TASK DETAILS:
A word-for-word copy of the data is what's wanted; pictures stay out of it.

SOURCE MATERIAL:
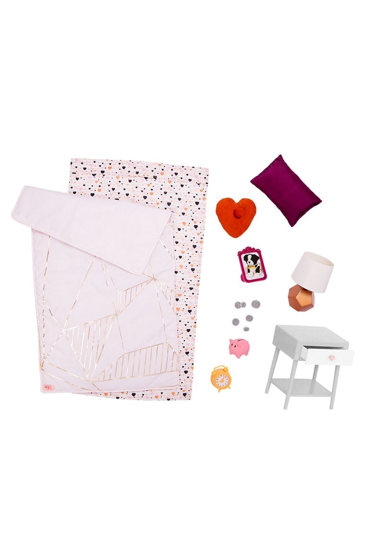 Our Generation nevresim takımı ve komodin seti, skstra stil için gerçekçi ayrıntılara sahip sevimli mini mobilyalarla birlikte gelir. Rol yapma lambasını, ayakta duran resim çerçevesini ve oyuncak çalar saati tutmak için komodini kullanın; hatta oyuncak bebeklerinizin biraz daha dinlenmesi için kadranı kullanarak saati değiştirebilirsiniz. Diğer eğlenceli aksesuarları saklamak için çekmeceyi açın ve 6 OG madeni parayı kumbaraya koyabilir veya kumbaradan çıkartabilirsiniz. Şık çarşaf ve rahat puantiyeli yorgan, Our Generation Dream Ranzalar veya Sweet Dreams Scrollwork yatak ile kendi başlarına harika çalışıyor!
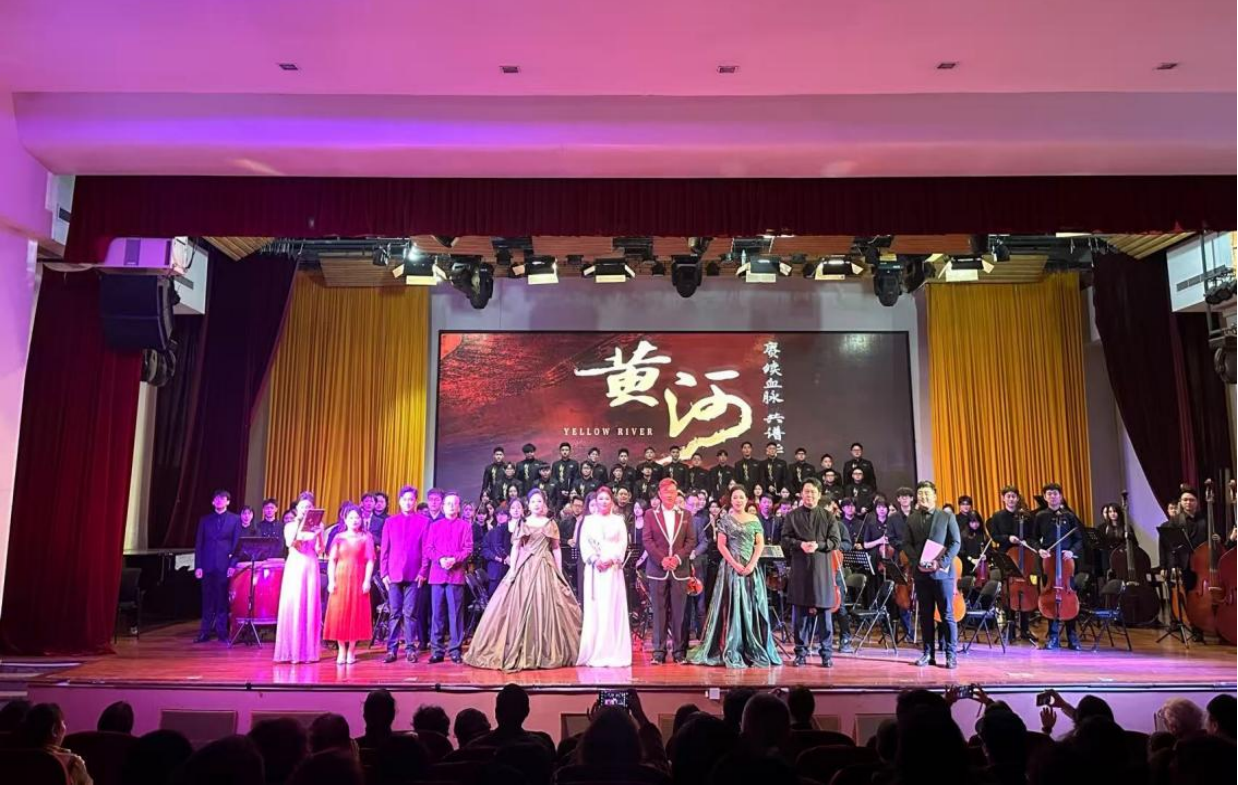 音乐会以关峡作曲的《第一交响序曲》拉开帷幕,在音乐学院副教授周楫的指挥下,交响乐团以激昂的旋律再现中华民族砥砺奋进的壮阔征程。重头戏钢琴协奏曲《黄河》由音乐学院陈若旭教授领衔演奏,作品包含《黄河船夫曲》《黄河颂》《黄河愤》《保卫黄河》四个乐章,以钢琴与交响乐的对话展现黄河儿女的坚韧抗争精神。中场休息后,《黄河大合唱》震撼登场,《黄河船夫曲》《黄河颂》《黄河之水天上来》《黄水谣》《保卫黄河》等系列经典作品更是在铿锵号子、深情朗诵、方言对答等创新形式中精彩呈现……在艺术之声中传承红色基因、致敬峥嵘岁月。
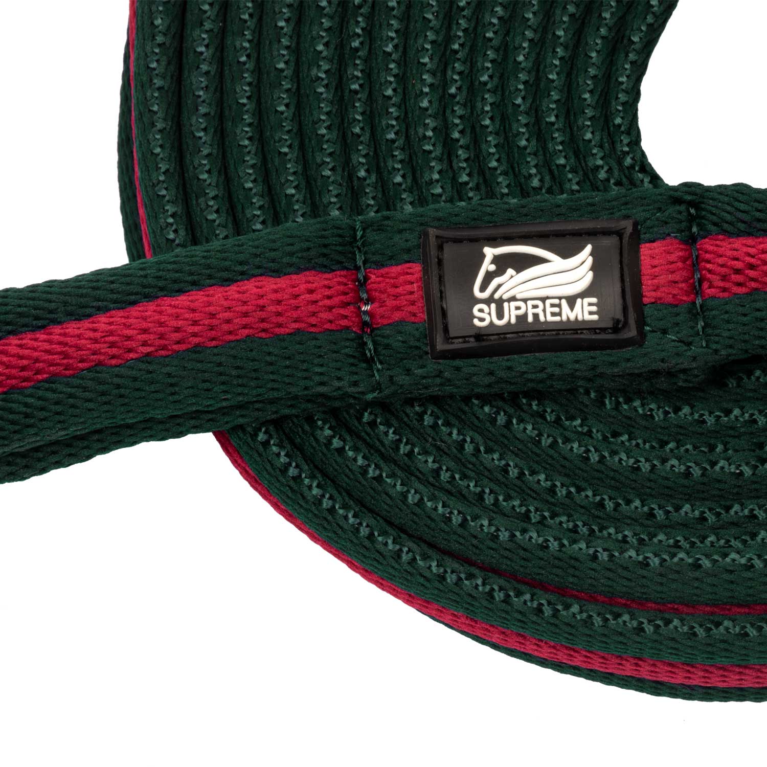 Profesjonalna lonża z mostkiem o długości 8 metrów, wykonana z miękkiego i trwałego materiału, zapewniająca komfort i bezpieczeństwo podczas pracy z koniem. W komplecie znajduje się praktyczny mostek do lonżowania, który ułatwia prowadzenie i kontrolę konia. Lonża wyposażona jest w solidną taśmę poliestrową oraz obrotowy, ocynkowany karabińczyk do łatwego mocowania do kantara lub ogłowia. Na drugim końcu znajduje się wygodna pętla na rękę, zapewniająca pewny chwyt podczas treningu.
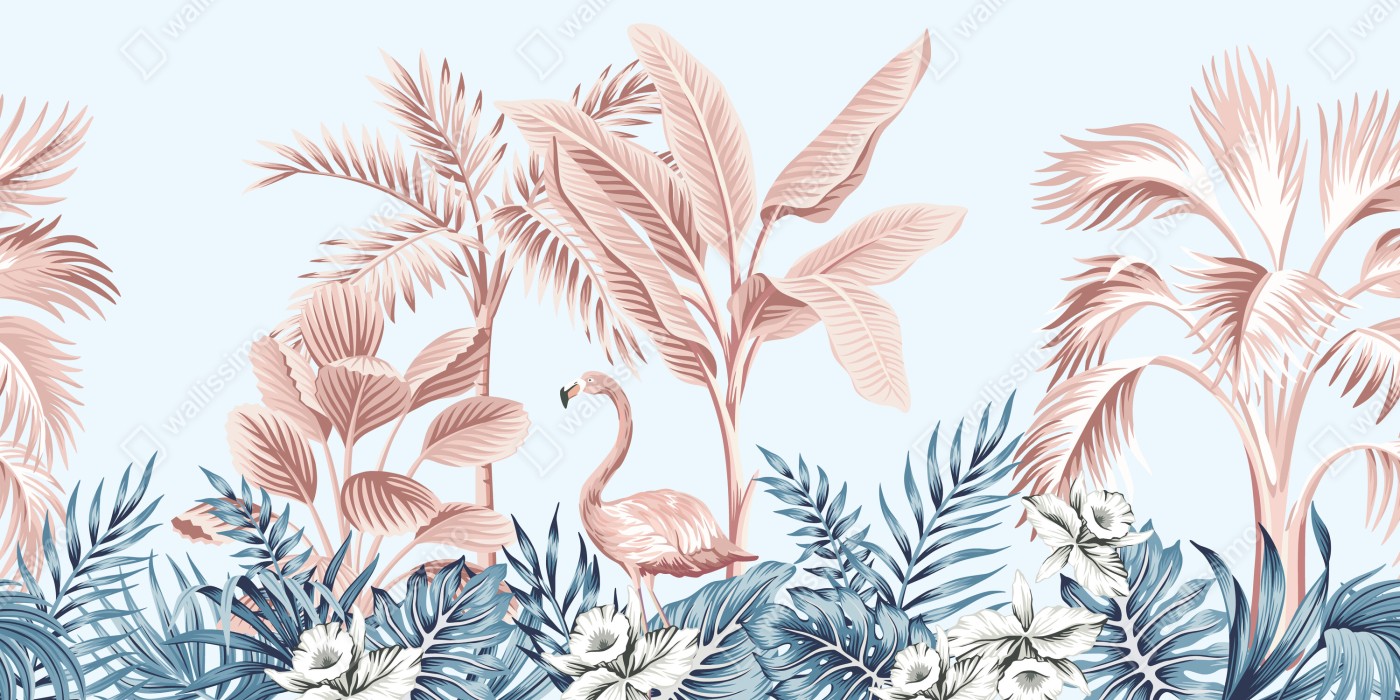 Naklejka na biurko i stół Pastelowy tropikalny ogród z flamingiem

OUTPUT OF THE EXERCISE:
 Our Generation nevresim takımı ve komodin seti, skstra stil için gerçekçi ayrıntılara sahip sevimli mini mobilyalarla birlikte gelir. Rol yapma lambasını, ayakta duran resim çerçevesini ve oyuncak çalar saati tutmak için komodini kullanın; hatta oyuncak bebeklerinizin biraz daha dinlenmesi için kadranı kullanarak saati değiştirebilirsiniz. Diğer eğlenceli aksesuarları saklamak için çekmeceyi açın ve 6 OG madeni parayı kumbaraya koyabilir veya kumbaradan çıkartabilirsiniz. Şık çarşaf ve rahat puantiyeli yorgan, Our Generation Dream Ranzalar veya Sweet Dreams Scrollwork yatak ile kendi başlarına harika çalışıyor!
 音乐会以关峡作曲的《第一交响序曲》拉开帷幕,在音乐学院副教授周楫的指挥下,交响乐团以激昂的旋律再现中华民族砥砺奋进的壮阔征程。重头戏钢琴协奏曲《黄河》由音乐学院陈若旭教授领衔演奏,作品包含《黄河船夫曲》《黄河颂》《黄河愤》《保卫黄河》四个乐章,以钢琴与交响乐的对话展现黄河儿女的坚韧抗争精神。中场休息后,《黄河大合唱》震撼登场,《黄河船夫曲》《黄河颂》《黄河之水天上来》《黄水谣》《保卫黄河》等系列经典作品更是在铿锵号子、深情朗诵、方言对答等创新形式中精彩呈现……在艺术之声中传承红色基因、致敬峥嵘岁月。
 Profesjonalna lonża z mostkiem o długości 8 metrów, wykonana z miękkiego i trwałego materiału, zapewniająca komfort i bezpieczeństwo podczas pracy z koniem. W komplecie znajduje się praktyczny mostek do lonżowania, który ułatwia prowadzenie i kontrolę konia. Lonża wyposażona jest w solidną taśmę poliestrową oraz obrotowy, ocynkowany karabińczyk do łatwego mocowania do kantara lub ogłowia. Na drugim końcu znajduje się wygodna pętla na rękę, zapewniająca pewny chwyt podczas treningu.
 Naklejka na biurko i stół Pastelowy tropikalny ogród z flamingiem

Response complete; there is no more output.